Directions: Which lines in the records below hold the word "will"? Copy each of them.

START Study material

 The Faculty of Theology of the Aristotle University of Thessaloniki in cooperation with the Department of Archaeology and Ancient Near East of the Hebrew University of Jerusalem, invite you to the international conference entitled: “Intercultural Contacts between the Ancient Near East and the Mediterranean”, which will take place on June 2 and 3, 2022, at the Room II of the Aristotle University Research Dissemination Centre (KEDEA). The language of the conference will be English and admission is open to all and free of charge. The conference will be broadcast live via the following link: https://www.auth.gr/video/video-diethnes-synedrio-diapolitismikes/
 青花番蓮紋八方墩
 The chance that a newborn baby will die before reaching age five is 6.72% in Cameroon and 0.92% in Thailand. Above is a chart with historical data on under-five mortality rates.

END Study material
START Study material

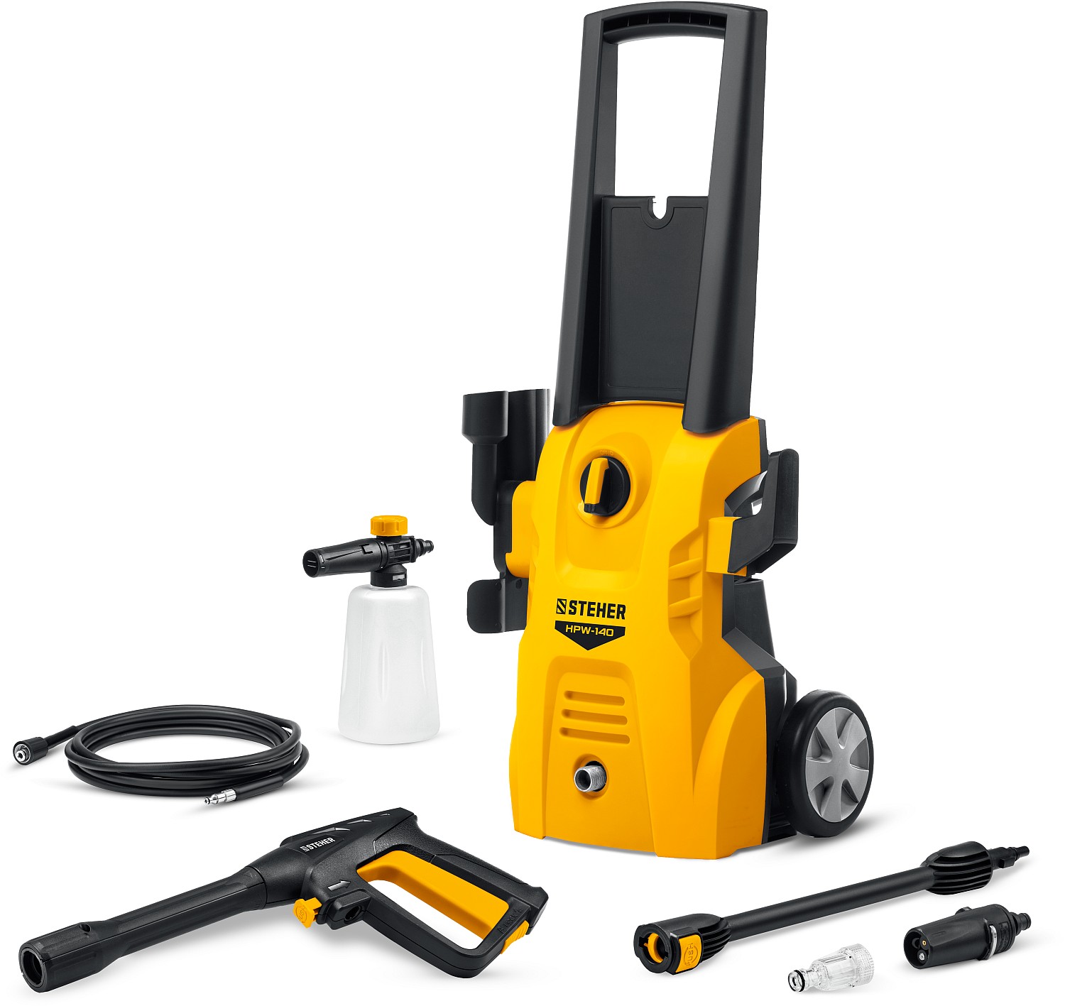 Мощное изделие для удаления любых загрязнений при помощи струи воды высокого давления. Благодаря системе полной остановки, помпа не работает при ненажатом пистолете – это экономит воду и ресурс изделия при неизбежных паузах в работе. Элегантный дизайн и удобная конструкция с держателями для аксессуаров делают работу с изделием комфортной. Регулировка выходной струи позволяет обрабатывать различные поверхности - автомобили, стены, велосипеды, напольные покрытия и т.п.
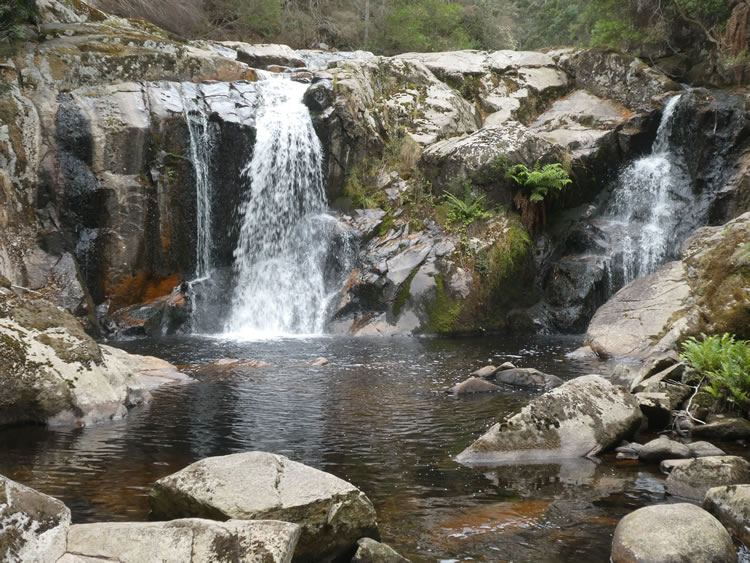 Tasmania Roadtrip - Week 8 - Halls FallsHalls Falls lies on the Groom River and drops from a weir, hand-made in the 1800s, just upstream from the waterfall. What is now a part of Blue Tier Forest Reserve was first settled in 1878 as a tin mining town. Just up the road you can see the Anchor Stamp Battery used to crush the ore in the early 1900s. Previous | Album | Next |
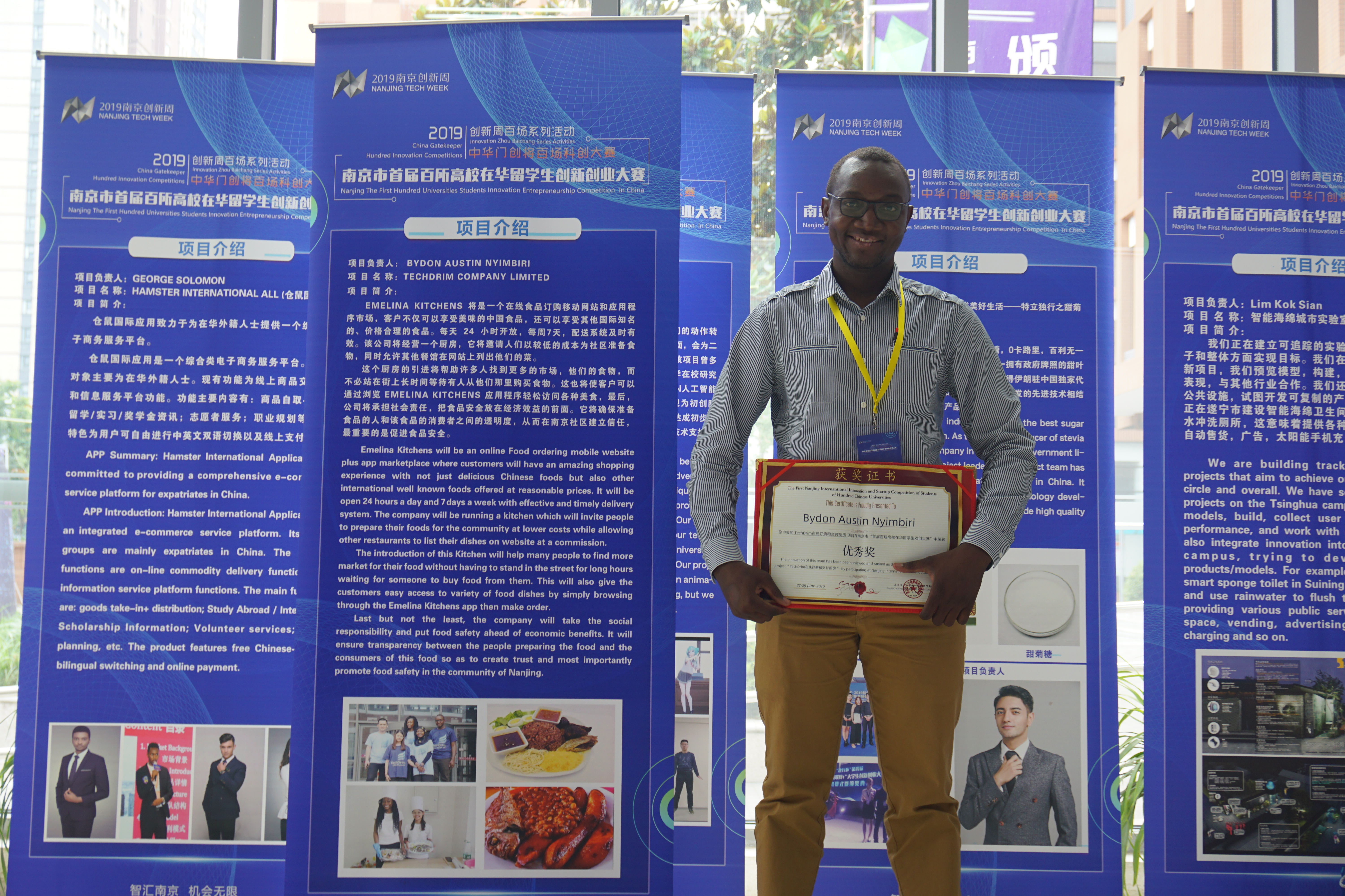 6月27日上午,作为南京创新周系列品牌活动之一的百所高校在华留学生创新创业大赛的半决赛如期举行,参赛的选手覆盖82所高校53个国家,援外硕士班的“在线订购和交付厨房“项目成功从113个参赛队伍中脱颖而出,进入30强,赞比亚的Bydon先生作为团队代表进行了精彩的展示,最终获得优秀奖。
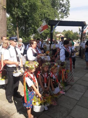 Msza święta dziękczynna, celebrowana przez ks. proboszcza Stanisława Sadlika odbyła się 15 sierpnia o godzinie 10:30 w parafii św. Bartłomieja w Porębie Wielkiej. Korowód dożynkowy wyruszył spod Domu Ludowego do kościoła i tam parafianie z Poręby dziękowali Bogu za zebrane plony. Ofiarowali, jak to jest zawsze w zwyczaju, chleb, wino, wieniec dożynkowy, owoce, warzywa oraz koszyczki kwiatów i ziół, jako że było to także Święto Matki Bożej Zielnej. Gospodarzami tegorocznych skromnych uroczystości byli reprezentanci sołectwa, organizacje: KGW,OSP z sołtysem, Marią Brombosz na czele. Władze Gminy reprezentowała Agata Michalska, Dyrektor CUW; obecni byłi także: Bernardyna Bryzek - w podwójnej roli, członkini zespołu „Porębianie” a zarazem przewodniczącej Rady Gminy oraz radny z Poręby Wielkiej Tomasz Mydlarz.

END Study material
START Study material

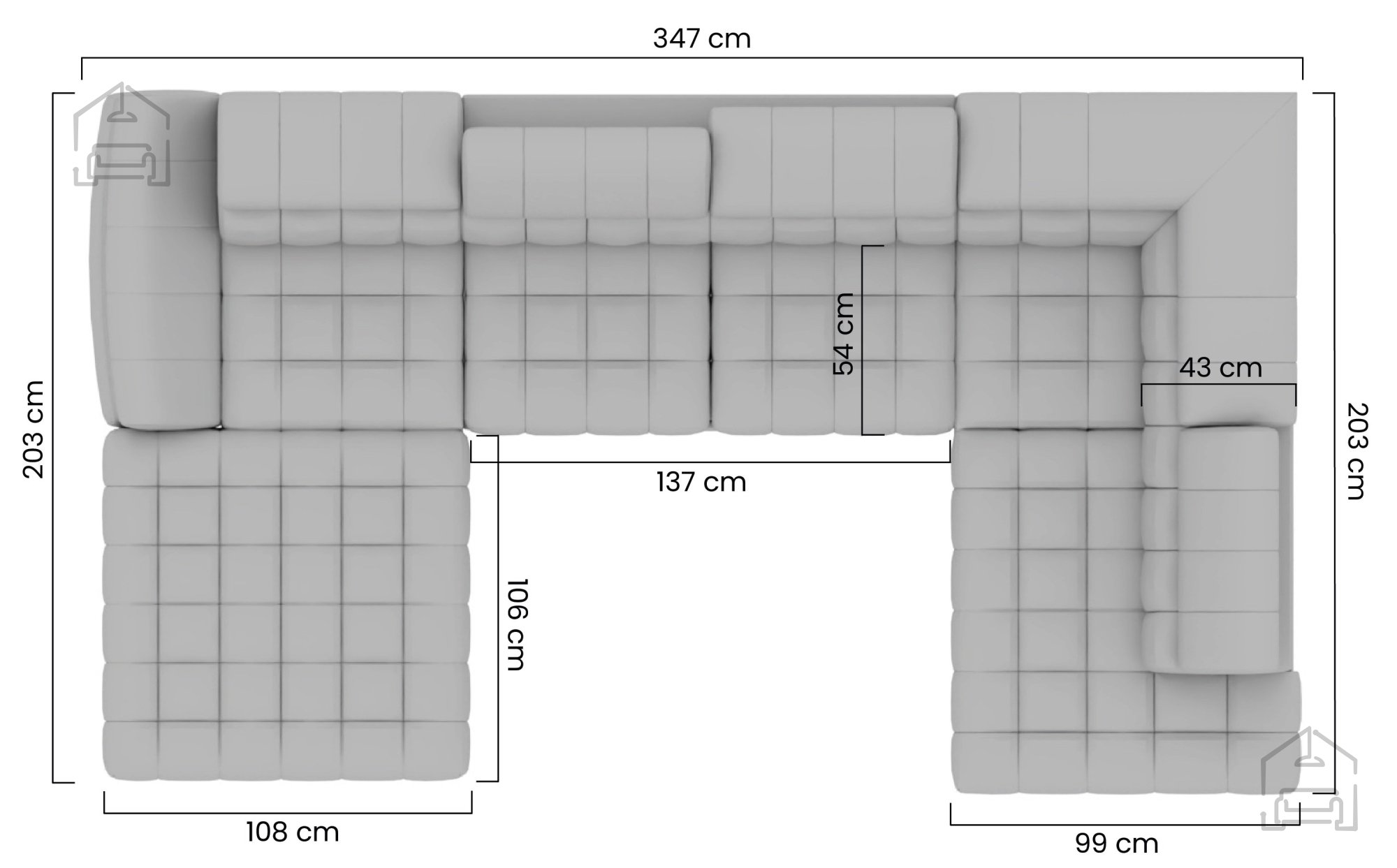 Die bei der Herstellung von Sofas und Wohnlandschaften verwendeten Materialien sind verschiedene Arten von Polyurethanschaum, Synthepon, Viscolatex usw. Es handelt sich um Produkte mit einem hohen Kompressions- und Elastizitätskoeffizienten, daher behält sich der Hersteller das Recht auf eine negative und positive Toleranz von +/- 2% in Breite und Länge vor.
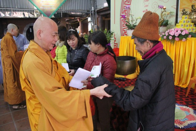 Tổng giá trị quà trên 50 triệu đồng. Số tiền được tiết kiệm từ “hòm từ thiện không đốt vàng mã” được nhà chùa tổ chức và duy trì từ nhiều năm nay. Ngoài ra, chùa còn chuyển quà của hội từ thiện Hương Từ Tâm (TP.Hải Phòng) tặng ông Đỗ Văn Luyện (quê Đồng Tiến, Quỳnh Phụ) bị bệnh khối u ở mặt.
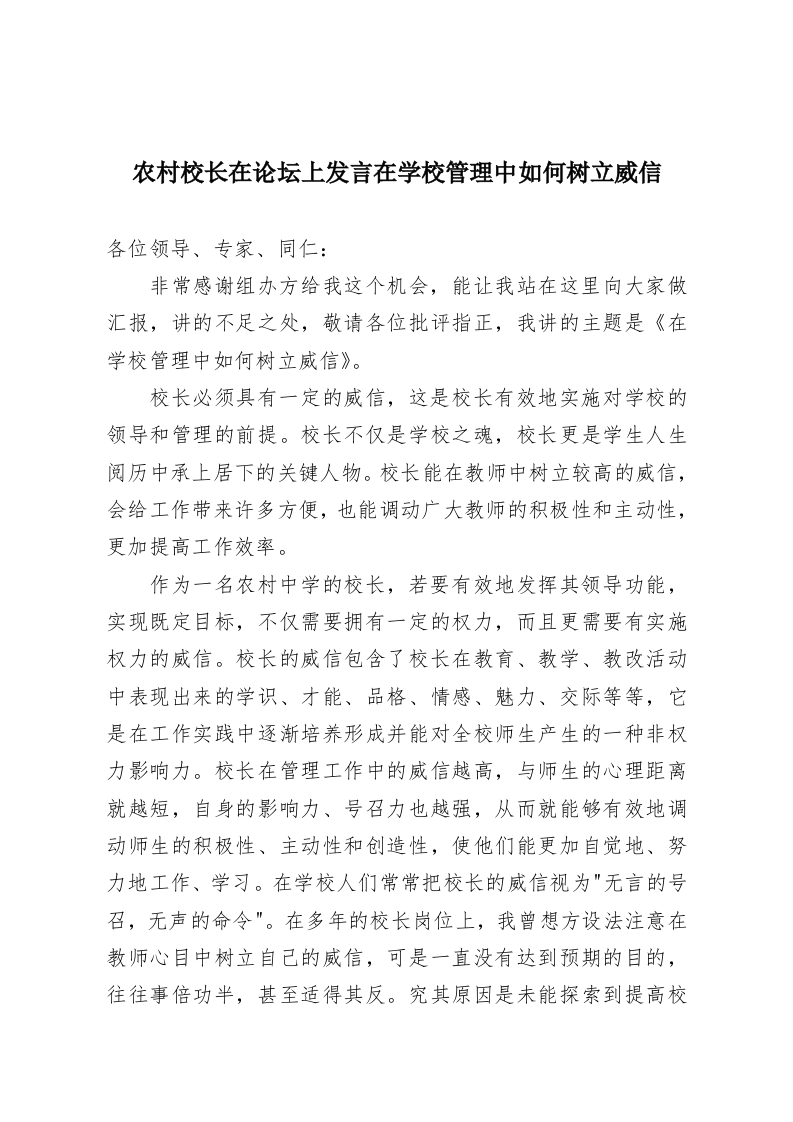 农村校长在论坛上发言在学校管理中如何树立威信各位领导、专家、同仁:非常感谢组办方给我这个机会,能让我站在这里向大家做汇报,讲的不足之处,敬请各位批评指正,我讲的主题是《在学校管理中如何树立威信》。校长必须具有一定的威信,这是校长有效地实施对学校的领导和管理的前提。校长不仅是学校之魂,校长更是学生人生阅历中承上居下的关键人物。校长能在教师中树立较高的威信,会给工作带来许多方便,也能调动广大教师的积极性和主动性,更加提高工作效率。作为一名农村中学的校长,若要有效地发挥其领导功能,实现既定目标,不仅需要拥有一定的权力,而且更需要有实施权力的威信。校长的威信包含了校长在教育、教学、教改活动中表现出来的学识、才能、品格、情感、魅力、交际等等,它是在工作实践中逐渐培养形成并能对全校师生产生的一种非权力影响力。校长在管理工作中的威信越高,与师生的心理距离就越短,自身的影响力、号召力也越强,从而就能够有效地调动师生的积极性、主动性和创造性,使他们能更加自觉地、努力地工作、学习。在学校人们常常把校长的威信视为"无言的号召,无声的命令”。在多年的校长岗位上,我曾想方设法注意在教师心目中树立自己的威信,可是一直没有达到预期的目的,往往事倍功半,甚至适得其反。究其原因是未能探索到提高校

END Study material

Result of the exercise:
 The Faculty of Theology of the Aristotle University of Thessaloniki in cooperation with the Department of Archaeology and Ancient Near East of the Hebrew University of Jerusalem, invite you to the international conference entitled: “Intercultural Contacts between the Ancient Near East and the Mediterranean”, which will take place on June 2 and 3, 2022, at the Room II of the Aristotle University Research Dissemination Centre (KEDEA). The language of the conference will be English and admission is open to all and free of charge. The conference will be broadcast live via the following link: https://www.auth.gr/video/video-diethnes-synedrio-diapolitismikes/
 The chance that a newborn baby will die before reaching age five is 6.72% in Cameroon and 0.92% in Thailand. Above is a chart with historical data on under-five mortality rates.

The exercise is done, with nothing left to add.